Jóhannes Stefánsson – Fishrot Whistleblower
Jóhannes Stefánsson is a whistleblower who had the worst possible retaliation, attempts on his life. While working for Samherji, Iceland’s largest fishing company, Stefánsson provided evidence showing how Samherji paid millions of dollars to illicitly secure the rights to catch mackerel in Africa. The scandal led to arrests of politicians and business figures in Namibia, and a case against Samherji. The Fishrot scandal has captured the attention of worldwide media, and Stefánsson received the prestigious WIN WIN Gothenburg Sustainability Award in April 2021. The award noted his “great courage and selflessness in his fight against misuse of power and corruption.”
The attempts on Stefánsson’s life have resulted in damage to his body, but he has made “minor improvements.” Stefánsson has been slandered, harassed and threatened, but he is “thankful he is alive.” The Fishrot trial is expected to start at the end of 2022, and Stefánsson will have to testify in Africa. The subjects of Fishrot in Africa and Iceland have been attacking Stefánsson “a lot.” Samherji has continued their attacks on Stefánsson and hired a group of employees who tried to destroy Stefánsson’s reputation. Samherji tried to portray Stefánsson as an alcoholic in order to have him committed to an Icelandic hospital.
Icelandic officials are charging Stefánsson along with Samherji officials even though he was the individual who blew the whistle on the corruption. He has cooperated totally with authorities in a money laundering and bribery case but is not afforded any protection. as there are no real whistleblower protections in Iceland or Africa.
There is no possibility of monetary award for Stefánsson under a whistleblower status. There is no protection offered by Icelandic or African authorities to Stefánsson for his whistleblowing.
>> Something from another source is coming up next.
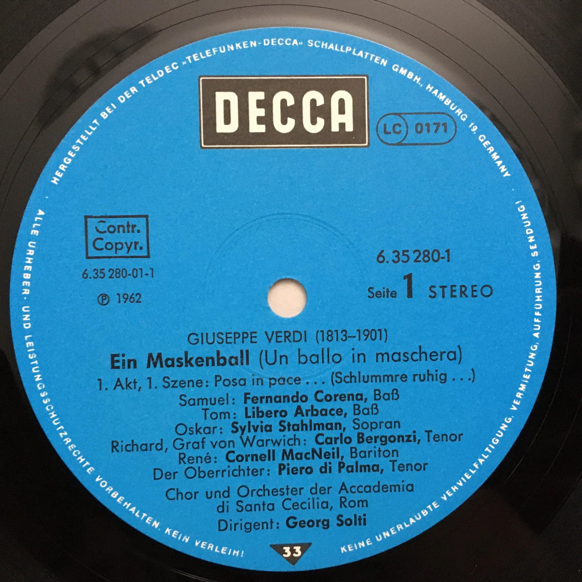 E422 Verdi Ballo in Maschera Bergonzi Nilsson Solti 3LP DECCA 6.35280 EK Stereo

He truly is The Man in the Arena, “who spends himself in a worthy cause who at the best knows in the end the triumph of high achievement and who at the worst, if he fails, at least fails while daring greatly…”
WNN will be following and reporting on the Fishrot trial in Africa and Iceland scheduled later this year.
Natalie Mayflower Sours Edwards – FinCEN Whistleblower, Treasury Department
Natalie Mayflower Sours Edwards disclosed Suspicious Activity Reports (SARs) from the U.S. Department of the Treasury, and it made up most of the FinCEN Files, a collection of documents which revealed global corruption around the world. In 2018 Edwards was arrested by the FBI and charged with two criminal counts. Edwards served time in prison and was released on January 24, 2022 with three years’ probation. After her release Edwards noted that “This chapter is officially closed. I will not be silenced anymore. My story will be told.”
Currently, Edwards is not happy. She had asked for whistleblower status as the release of the SARs was under her official capacity under national security. She was the Senior Advisor for the FinCEN division and had every reason to release the SARs files. Congress had provided Congressional request letters that they sent to the FinCEN division, requesting information about Russian interference in the 2016 election. She had seen documentation that noted Russian attempts at infiltration of Treasury and the Executive branch. Senator Chuck Grassley had requested records concerning Uranium One, and Treasury told him they did not have records when Edwards knew that they had. That also fell under her whistleblower disclosures.
It is frustrating and annoying to Edwards that she is called a criminal and not a whistleblower. “Each day is a struggle.” Edwards said. “It is just hard.” Financially, things are difficult as Edwards is still waiting for her retirement disability which is sitting in front of the MSPB.
The release of the FinCEN Files has resulted in journalists revealing dirty money flowing through banks, and politicians have initiated programs to bring money launderers and bad actors to account. Journalists have received awards, whistleblower organizations have mentioned it in fundraising, and the President has extolled the contributions of whistleblowers in fighting worldwide corruption, but nowhere is Edward’s name to be found.
Like The Washington Post noted, Edwards really does feel like the “Forgotten Whistleblower.”